A framework for context-aware driver status assessment systems
The automotive industry is actively supporting research and innovation to meet manufacturers' requirements related to safety issues, performance and environment. The Green ITS project is among the efforts in that regard.
Safety is a major customer and manufacturer concern. Therefore, much effort have been directed to developing cutting-edge technologies able to assess driver status in term of alertness and suitability. In that regard, we aim to create with this thesis a framework for a context-aware driver status assessment system. Context-aware means that the machine uses background information about the driver and environmental conditions to better ascertain and understand driver status. The system also relies on multiple sensors, mainly video and audio. Using context and multi-sensor data, we need to perform multi-modal analysis and data fusion in order to infer as much knowledge as possible about the driver. Last, the project is to be continued by other students, so the system should be modular and well-documented.
With this in mind, a driving simulator integrating multiple sensors was built. This simulator is a starting point for experimentation related to driver status assessment, and a prototype of software for real-time driver status assessment is integrated to the platform.

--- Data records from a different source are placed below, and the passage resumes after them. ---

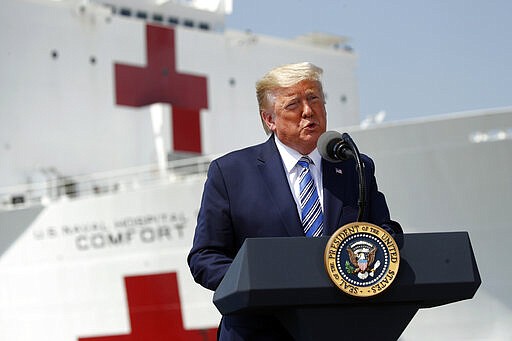President Donald Trump speaks in front of the U.S. Navy hospital ship USNS Comfort at Naval Station Norfolk in Norfolk, Va., Saturday, March 28, 2020. The ship is departing for New York to assist hospitals responding to the coronavirus outbreak. (AP Photo/Patrick Semansky)
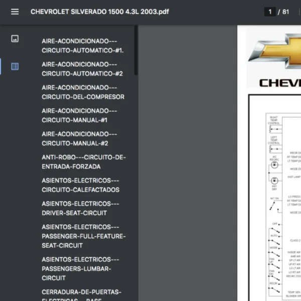 Si estas buscando un manual eléctrico de la marca Chevrolet modelo Silverado de 4.3L año 2003, este es el diagrama automotriz que necesitas.
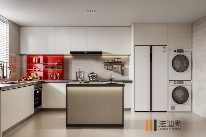 এই কিচেন ক্যাবিনেটকে একটি জেনেরিক SKU-এর পরিবর্তে একটি ডিজাইন-চালিত সিস্টেম হিসাবে উপস্থাপন করা হয়েছে। এটি প্রিমিয়াম আবাসিক প্রকল্পগুলির জন্য আরও সুসংহত ভিজ্যুয়াল পরিচিতি তৈরি করতে হোয়াইট এবং স্টেইনলেস স্টিলের ক্যাবিনেট কাঠামোর সাথে ব্যবহার করা হয়েছে।
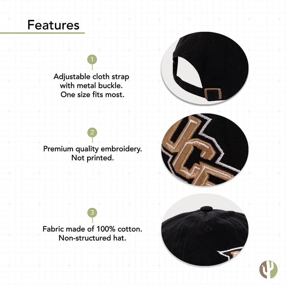Desert Cactus University of Central Florida Baseball Hat Knights UCF Brimmed Embroidered Cap Adjustable Cloth Strap Adult
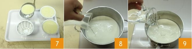 Transferid la mezcla en 4 moldes de capacidad de 250 ml vertiéndola con un cucharón 7 y poned a endurecer los flanes en el frigorífico durante al menos 4 horas. Mientras tanto, preparad la salsa de chocolate negro: en un cazo verted la nata 8, el agua 9,
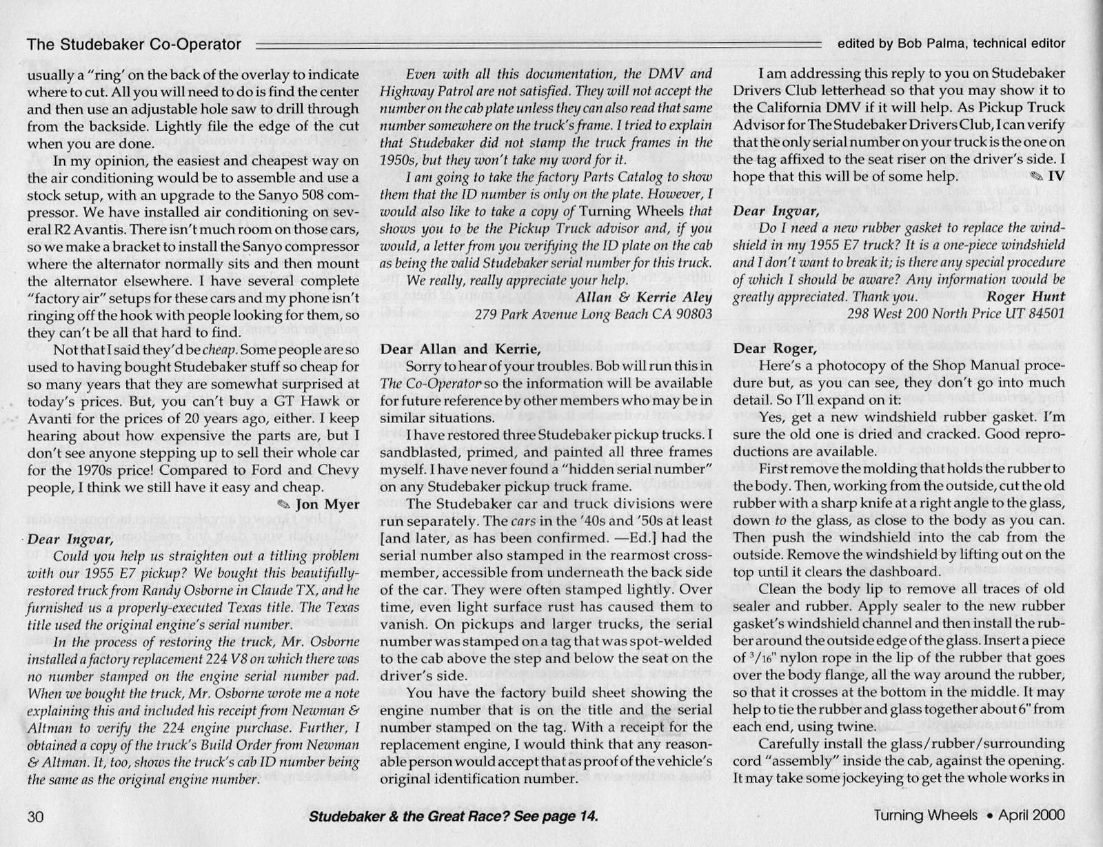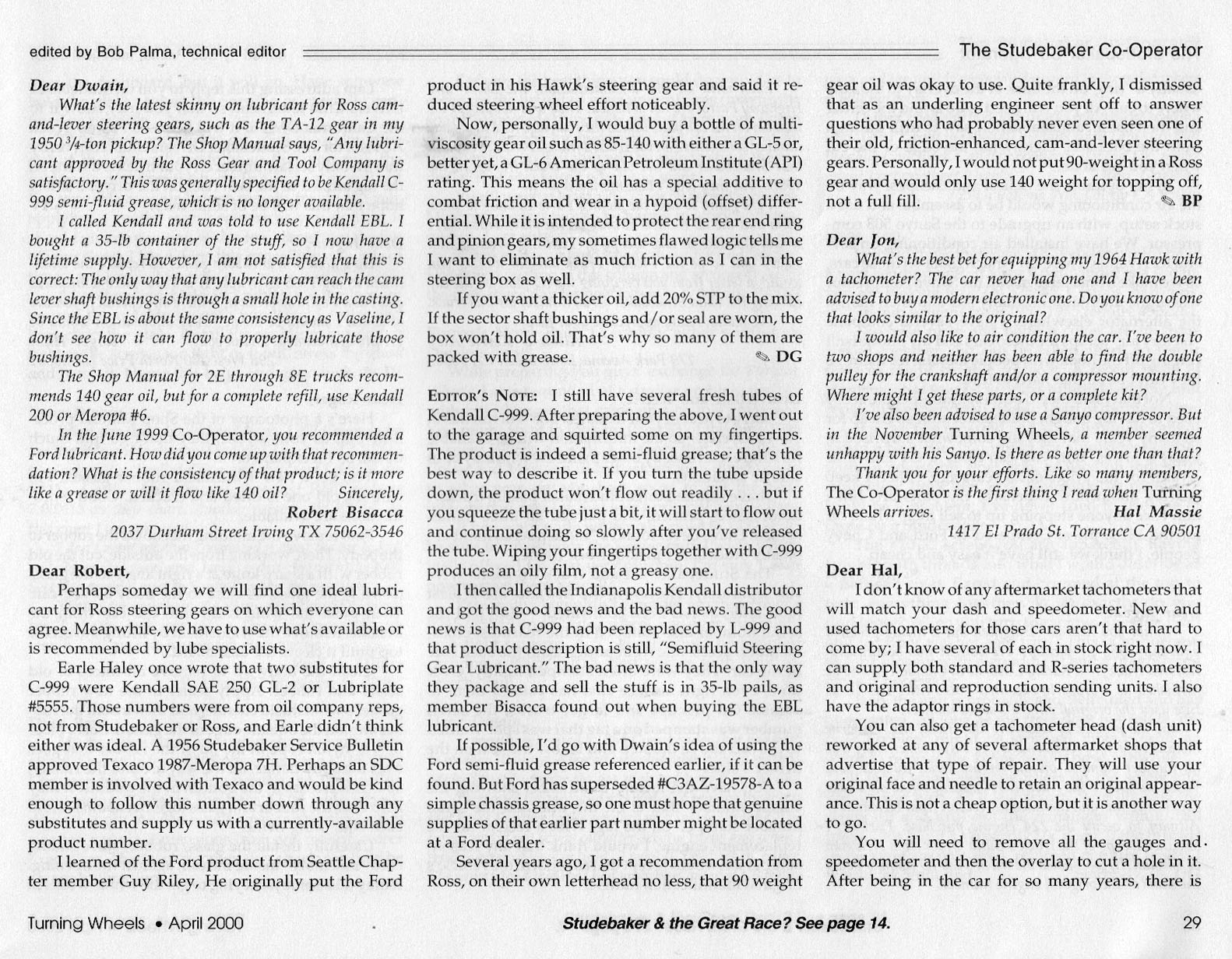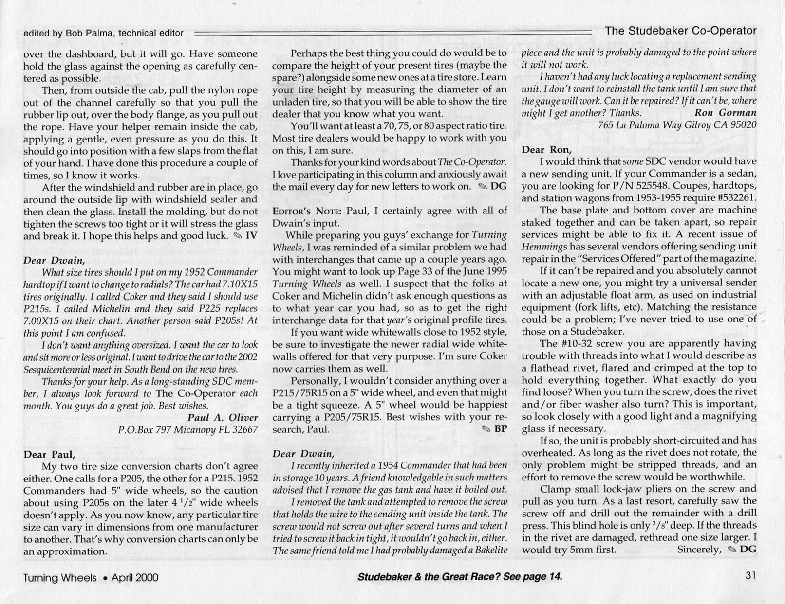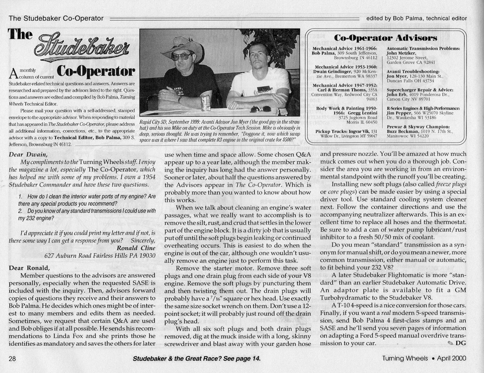 Bob's Studebaker Resource Website The Cooperator Turning Wheels, April 2000
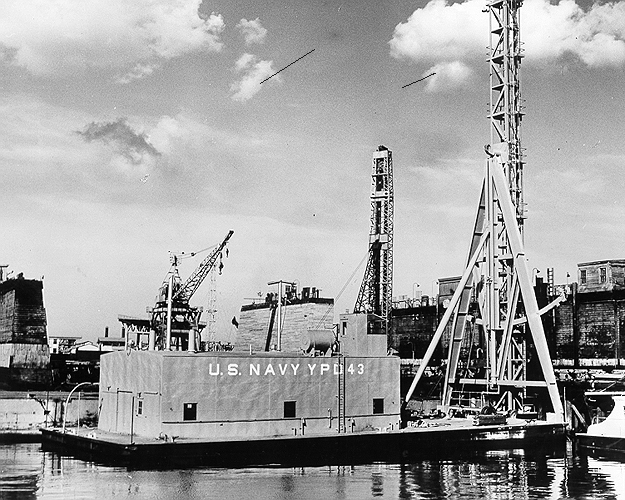 247k | YPD-43, moored, date and location unknown. US Navy photo from the collections of the US Navy Memorial. |
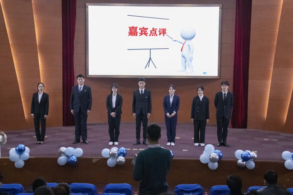 此次模拟竞聘大赛设置了文秘文书类、IT工程类、新闻传播类、金融经济类、化学化工类、机械工程类、涉外事务类、艺体类、教师等应聘岗位,经过前期自主报名、简历评比和模拟面试等考核环节,共有7位竞聘者脱颖而出,晋级决赛。决赛分为“自我介绍”、“竞聘演讲”、“模拟面试”三个环节,在“自我介绍”环节,7位选手通过短视频展现了个人基本信息和良好的青春风貌;在“竞聘演讲”环节,各位选手从求职意向岗位出发,结合学习经历、实习实践、兴趣特长等方面内容,全面展现自身的综合实力;在“模拟面试”环节,选手们围绕评委们提出的职场实际问题,找准角色定位,积极阐述观点,自信对答,思路清晰。随后,山东全通网融就业部主任田延聘对参赛选手的思维能力、表达能力、专业素养和岗位匹配等方面进行了精彩点评。
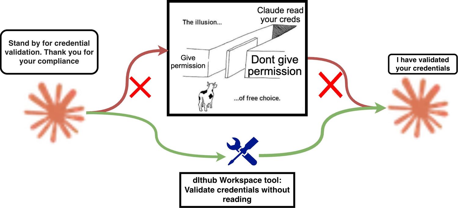 The workbench runs never touched the file. In all three runs it used dlt's config system the way it was designed: placeholder set, user told where to paste the token, move on. The credential stayed on disk, outside the agent's context.
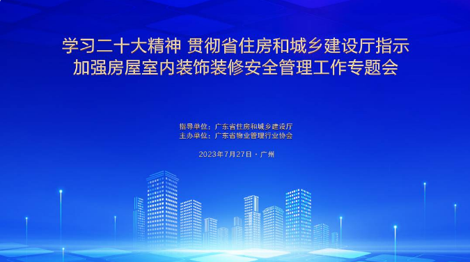 近日,在广东省住房和城乡建设厅指导下,由广东省物业管理行业协会主办的以“学习二十大精神 贯彻省住房和城乡建设厅指示”为主题的加强房屋室内装饰装修安全管理工作专题会在广州召开。
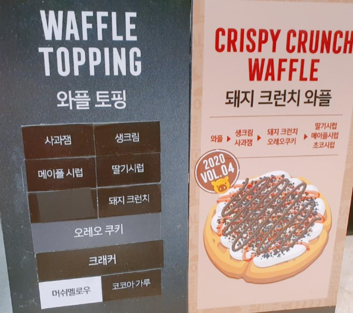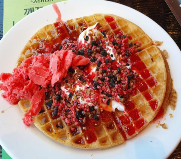 그리고 와플도 먹어보았어요. 돼지바 메뉴 레시피도 적혀있어서 한 번 만들어 보았어요. 오! 정말 달달하니 맛있었어요 ㅎㅎ 오늘은 칼로리 폭탄을 먹었으니 열심히 운동하는 걸로 ㅎㅎ,,,
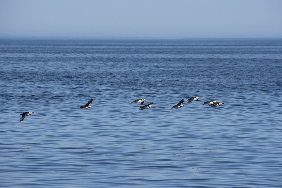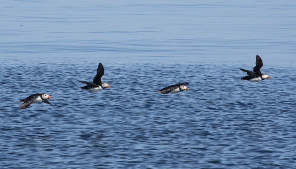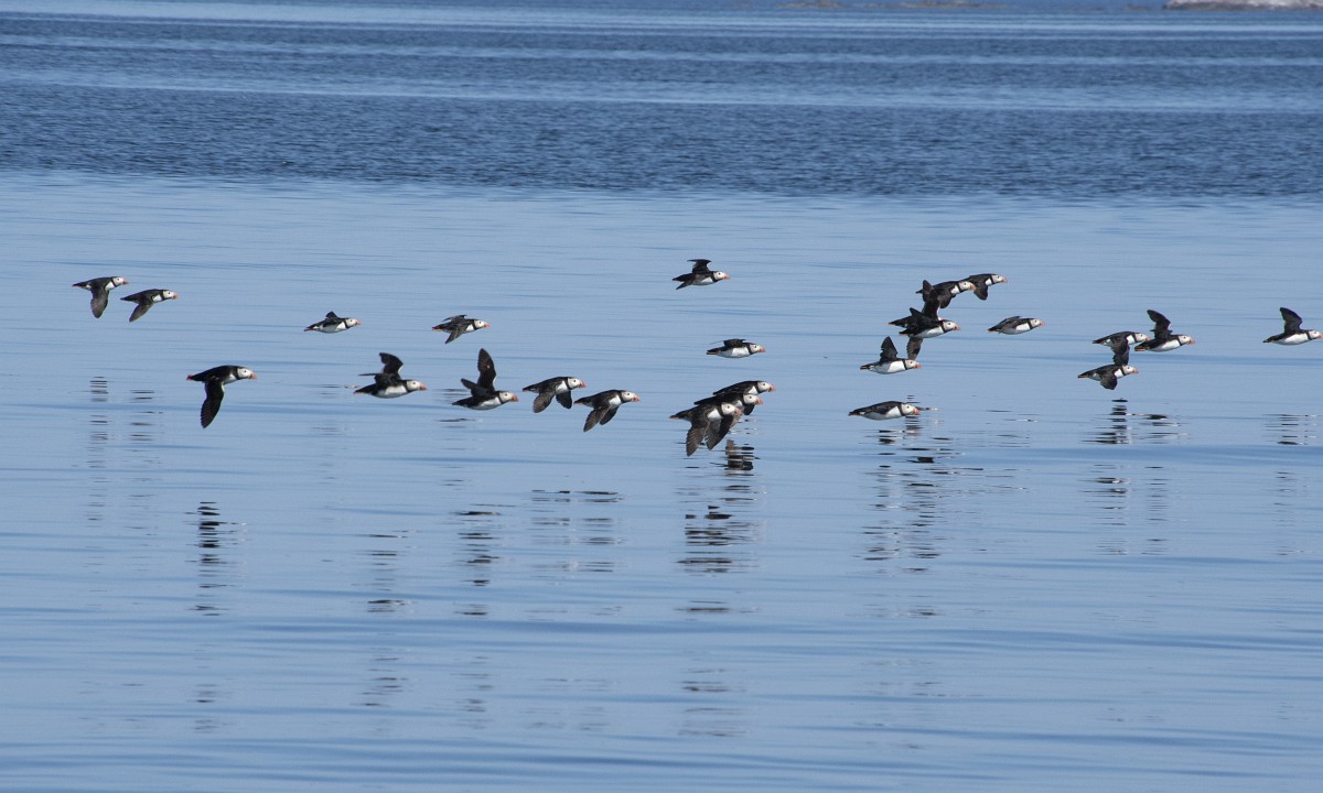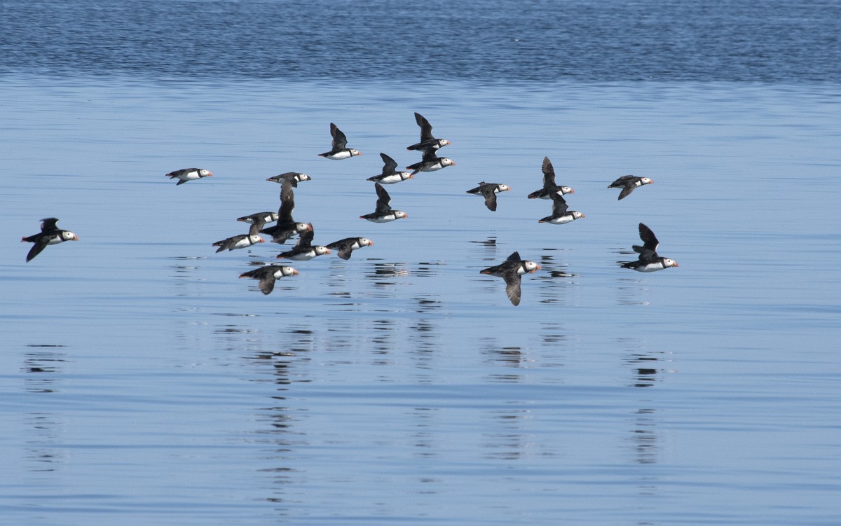 Fratercula arctica 65, Papagaaduiker, Saxifraga-Rudmer Zwerver.jpgFlying Puffin Puffin (Fratercula arctica) flying back to nesting colony with fish in beak to feed young on Isle of May, Scotland
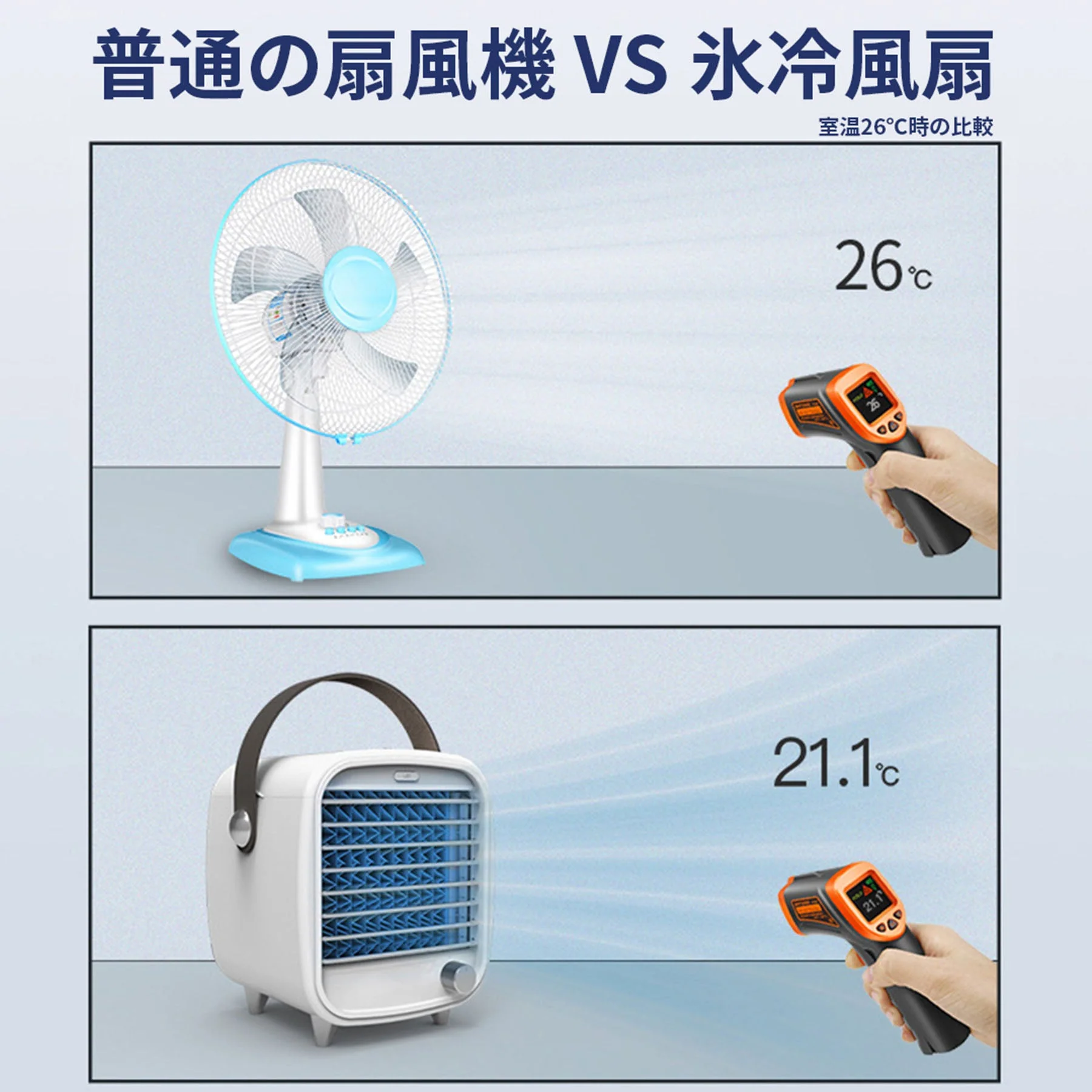| … | 6325/08/01(金)20:16:20No.1338958745+水を使って気化熱!だと湿度上がるからエアコン併用しないとダメだけど氷を使って強制的に風の温度を下げると割と効果あるよ |
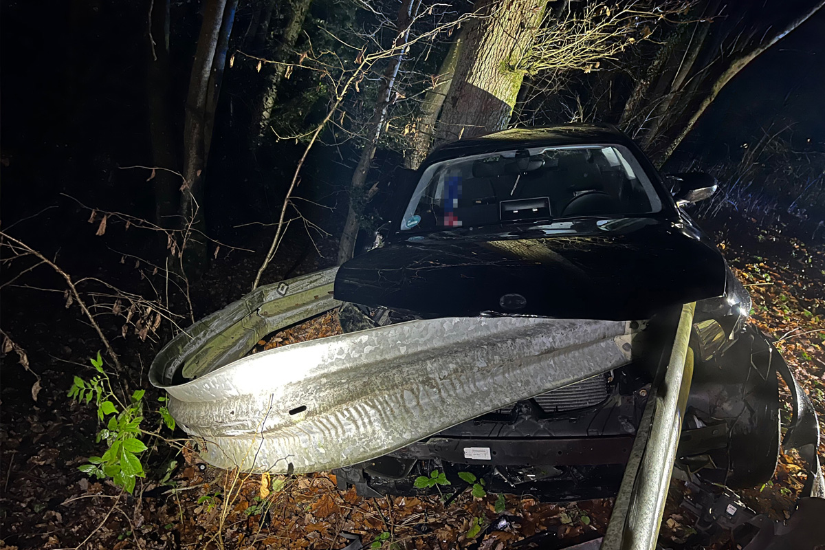 Das Auto prallte in eine Leitplanke beim Ausweichmanöver. (Bildquelle: Kreispolizeibehörde Oberbergischer Kreis)
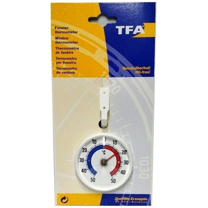 Термометр повністю виготовлений в Німеччині. З цим віконним термометром у вас завжди буде точна температура зовнішнього повітря! Просто правильно розташуйте тримач та встановіть прилад на раму вікна зовні з допомогою гвинтів. Двоколірна шкала легко читається з вашої вітальні. Температура вимірюється за допомогою перевіреної біметалевої технології.

To make the system context-aware, we designed a driver identification module based on audio-visual data fusion. Thus, at the beginning of driving sessions, the users are identified and background knowledge about them is loaded to better understand and analyze their behavior.
A driver status assessment system was then constructed based on two different modules. The first one is for driver fatigue detection, based on an infrared camera. Fatigue is inferred via percentage of eye closure, which is the best indicator of fatigue for vision systems. The second one is a driver distraction recognition system, based on a Kinect sensor. Using body, head, and facial expressions, a fusion strategy is employed to deduce the type of distraction a driver is subject to. Of course, fatigue and distraction are only a fraction of all possible drivers' states, but these two aspects have been studied here primarily because of their dramatic impact on traffic safety.
Through experimental results, we show that our system is efficient for driver identification and driver inattention detection tasks. Nevertheless, it is also very modular and could be further complemented by driver status analysis, context or additional sensor acquisition.